___ Material shown ___
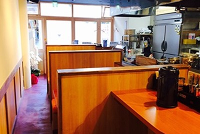 深江浜の東部卸売市場の中にあり、キッチンと逆Lのカウンターのみとこじんまりしたアットホームな雰囲気です。
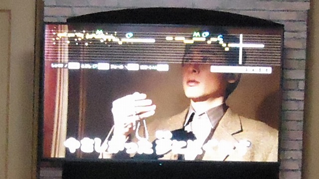 | 日置さんが歌った「さざんかの宿」の画面 | |
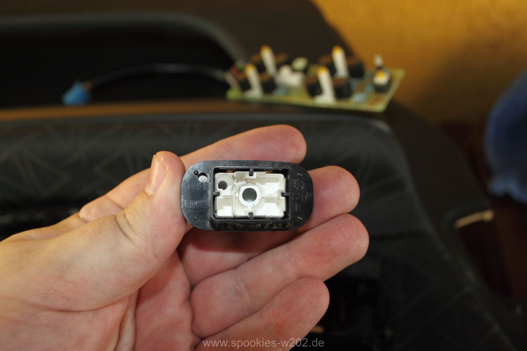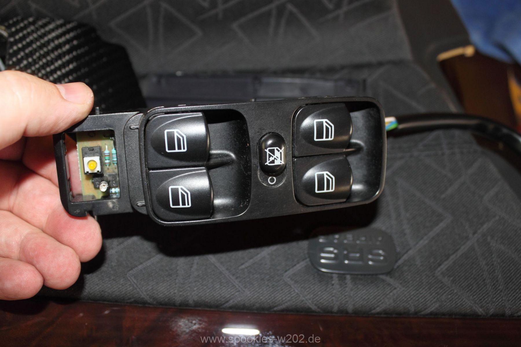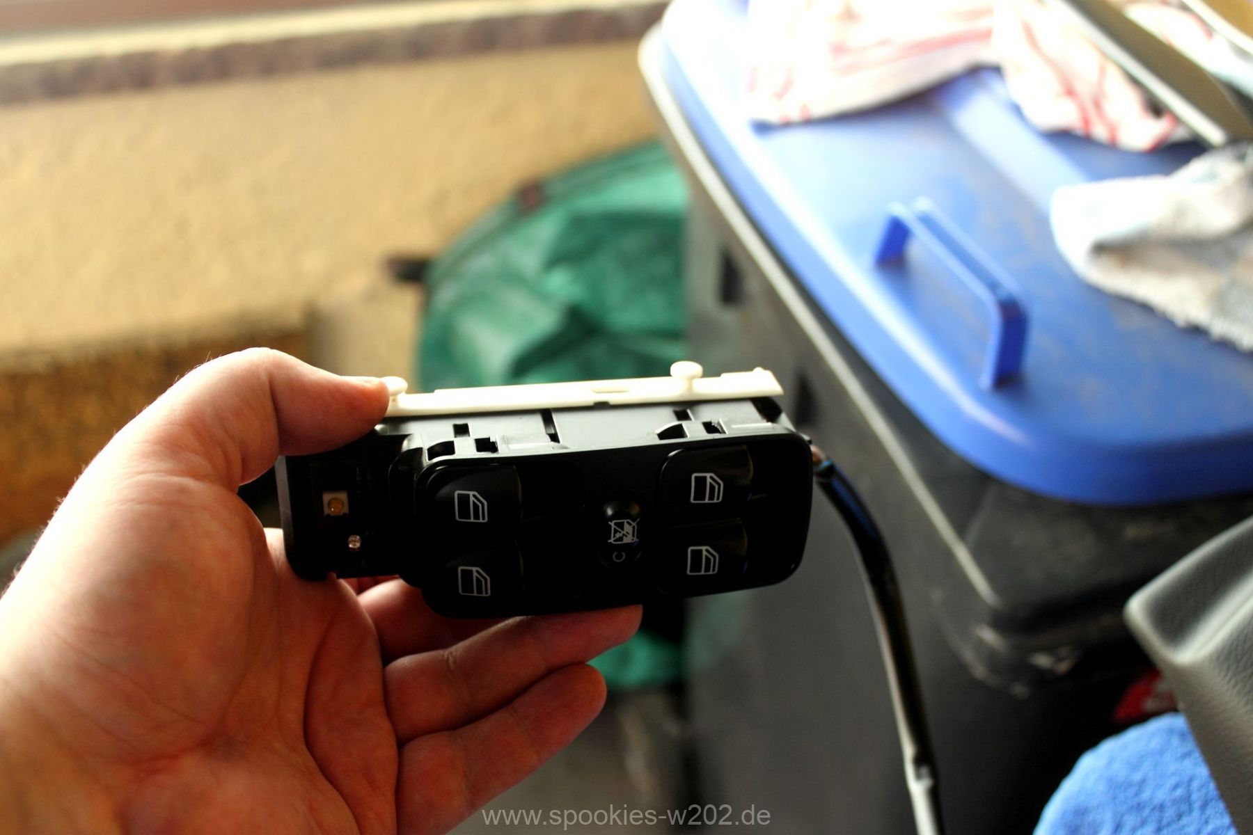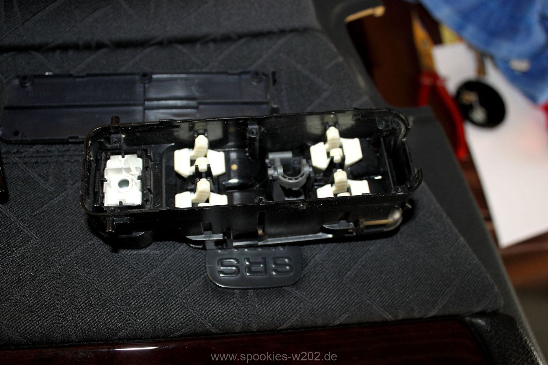 In der Türverkleidung sehen wir den Schalterblock von hinten, diesen muss man nur etwas schieben und kann ihn dann Ausclipsen. Es ist im Grunde selbsterklärend. Anschließend kann der Block abgenommen werden.
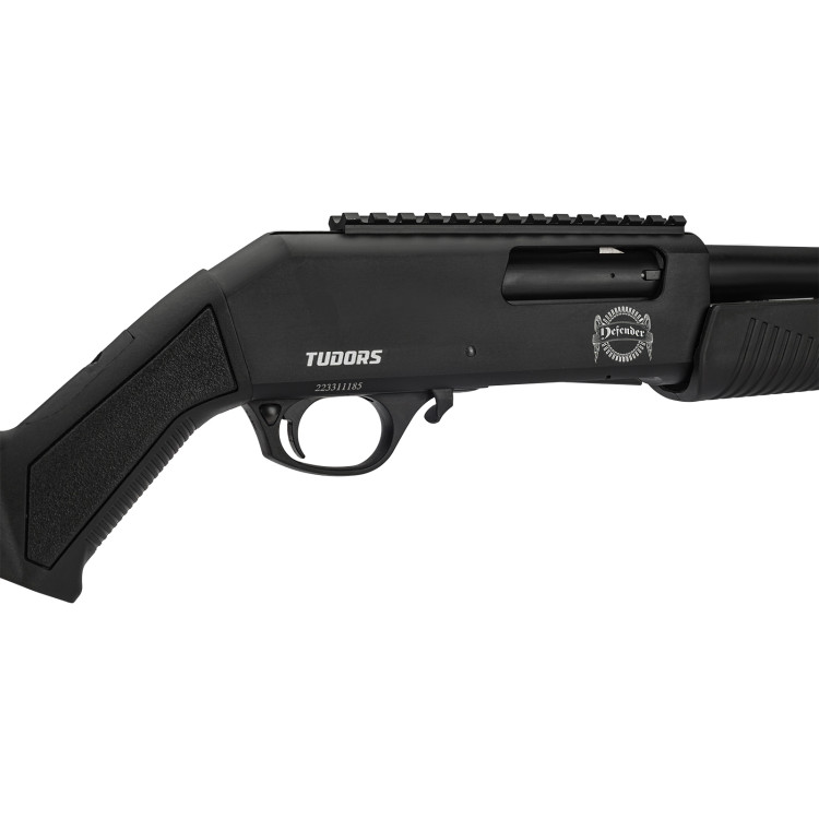 Рушниця Помпова TUDORS Defender для боєприпасів 12/76 — нова модель на ринку України, яка вигідно виділяється серед турецьких рушниць. А якщо порівняти за формулою «ціна-якість», то ця помпа буде краще більшості європейських і американських конкурентів. Відмінна якість збірки і комплектуючих гарантують надійність навіть в складних погодних умовах і тривалий термін служби. Рушниця призначена в першу чергу для самозахисту і з цієї точки зору порадує покупця прекрасним функціоналом. Цівка оснащене напрямними Пікатінні як на ствольній коробці, так і в нижній частині цівки, що дозволяють встановити будь-які необхідні додаткові аксесуари (ліхтарик, покажчик цілі, ручка перенесення і т.д.) в будь-якій необхідній комбінації. На цівці також виконане дуже якісне рифлення, що гарантує найвищу надійність утримання під час ведення стрільби і перезарядки.
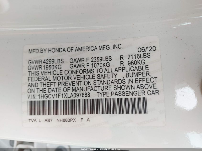 2020 HONDA ACCORD 2020 року Бензин, 1.5, Передній привід, vin - 1HGCV1F1XLA097888 з США
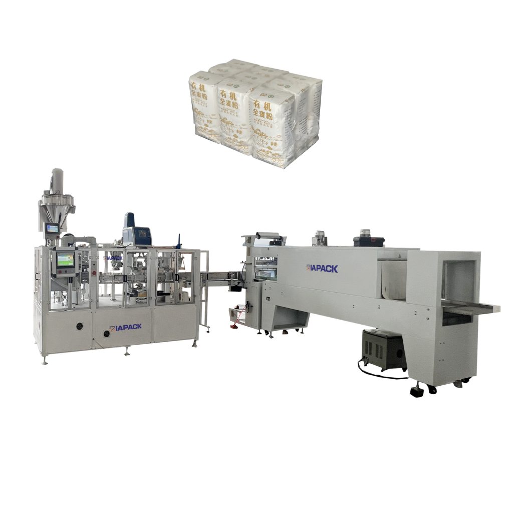 наполнительно-склеивающая машина, один комплект Электрический шкаф управления, один комплект конвейерной машины. По требованию клиента мы можем подобрать машину для струйного принтера и термоусадочную упаковочную машину для готовой продукции. Готовый пакет может иметь красивую форму. Готовый бумажный пакет дружественна к окружающей среде. Вся линия широко используется для упаковки пшеничной муки, кукурузы, сахара и т. д.
___
Exercise directions
Word for word, retype the lines from the one with "2020 HONDA ACCORD" through the final line of the data, both included. No pictures belong in the copy.

Answer below
 2020 HONDA ACCORD 2020 року Бензин, 1.5, Передній привід, vin - 1HGCV1F1XLA097888 з США
 наполнительно-склеивающая машина, один комплект Электрический шкаф управления, один комплект конвейерной машины. По требованию клиента мы можем подобрать машину для струйного принтера и термоусадочную упаковочную машину для готовой продукции. Готовый пакет может иметь красивую форму. Готовый бумажный пакет дружественна к окружающей среде. Вся линия широко используется для упаковки пшеничной муки, кукурузы, сахара и т. д.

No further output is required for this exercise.